DLABSS addresses all those problems, Enos said, by relying entirely on volunteers.
“The great thing DLABSS brings to the table is the opportunity to unite the innovative side of online crowd-sourcing with volunteer subjects' intrinsic motivation,” said Amy Lakeman, a Government Department PhD Candidate who works as the DLABSS Director of Recruitment & Lab Manager.
Since launching the project in 2015, Enos and colleagues have recruited more than 16,000 volunteers from around the world who have taken part in hundreds of Harvard studies, which have been published in leading journals in political science, psychology and other fields.

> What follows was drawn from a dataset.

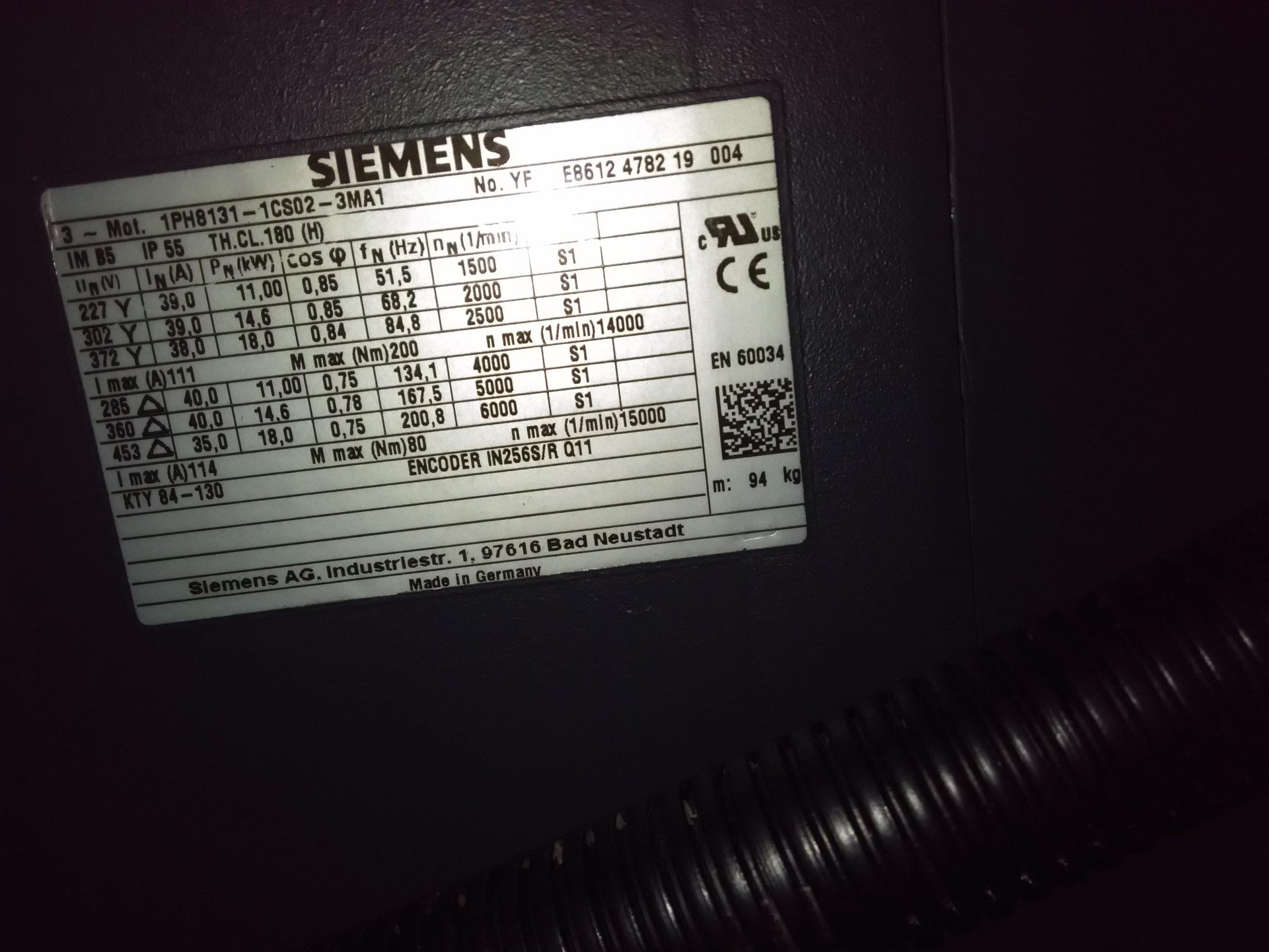 828D系统,调试伺服主轴,电机与主轴之间为1:1直连方式,电机为西门子电机(1PH8131-1CS02-3MA1,参见图片),该电机不是Drivr-CLiq,而是通过SMC20模块转换编码器信号。

“We've had the opportunity to work with social scientists across the university on some really interesting, cutting-edge projects,” said Austin Strange, Director of Research at DLABSS and Government PhD Candidate. “Our volunteers often tell us they enjoy the diversity in topics and types of surveys.”
“And our researchers value the resource of an unpaid, high-quality subject pool,” added Lakeman. “It's a win-win opportunity for learning on both sides.”
As the use of digital technology for the social sciences continues to mature, Enos said, he believes DLABSS can play a key role in how studies are conducted.
“One of the major advances in survey research in the last decade or so has been the idea to create consortiums and share the cost across several universities,” Enos said. “We’re looking to move DLABSS into something that Harvard will support, but that can include other universities that can help with subject acquisition so we can move beyond 16,000 subjects and imagine a day when we have 200,000 or 300,000 subjects.
“I think when we reach that point, that’s something that can upend Mechanical Turk,” he said. “We can move beyond some of the concerns we have and move towards a model that perhaps is better for everybody.”